Eskom a step closer to cash lifeline
“Both Houses of Parliament have passed the two bills … to enable a R23bn allocation to Eskom and conversion of a R60bn subordinated loan to the company into equity,” Treasury said in a statement on Friday.
The Eskom Special Appropriation Bill and the Eskom Subordinated Loan Special Appropriation Amendment Bill will now go to President Jacob Zuma to be signed into law.
To ensure there is no impact on the budget deficit, the appropriation to Eskom would be funded through the sale of non-strategic assets and that the funds would be transferred once the proceeds have been realised into the National Revenue Fund, Treasury explained.
“The process for the disposal of assets to fund the allocation to Eskom is well-advanced and government will make further announcements in this regard in due course,” it said.
The R23bn injection and the conversion of the R60bn loan into equity will be complemented by the other measures approved by Cabinet in 2014.
Tariff ‘adjustment’ needed to achieve cost-reflective levels – Treasury
This includes the Cabinet package required that Eskom save R60bn in costs up to March 2018.
“Government recognises that electricity tariffs need to be adjusted to achieve cost-reflective levels,” it said. “Eskom has therefore, applied for tariff adjustments in line with the regulatory processes.
“Together, these measures will over time enhance the financial sustainability of Eskom.”
Eskom was hammered by politicians, analysts, unions and business leaders this week during the public hearings into its tariff hike application.

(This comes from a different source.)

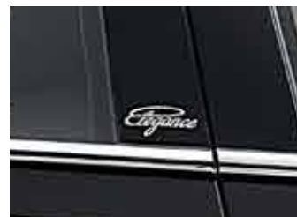
'Elegance' Badge on B-Pillar
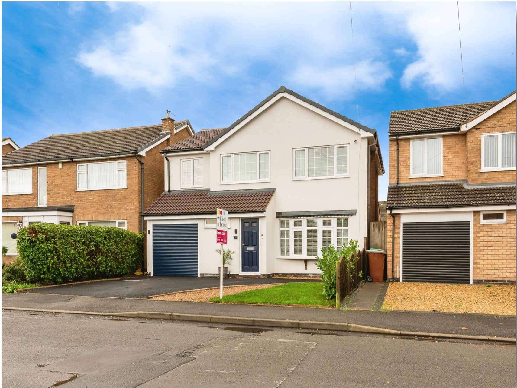
Normanby Road, Nottingham NG8 2TB

Many say there are many options that Eskom and government are avoiding, such as unbundling the monopoly.
Treasury said the interventions would be complemented and strengthened by the five point plan and the Energy War Room.
“The key interventions under the five point plan have involved immediate measures being taken to improve Eskom’s operational performance, additional power being secured from independent power producers and demand side management initiatives,” Treasury said.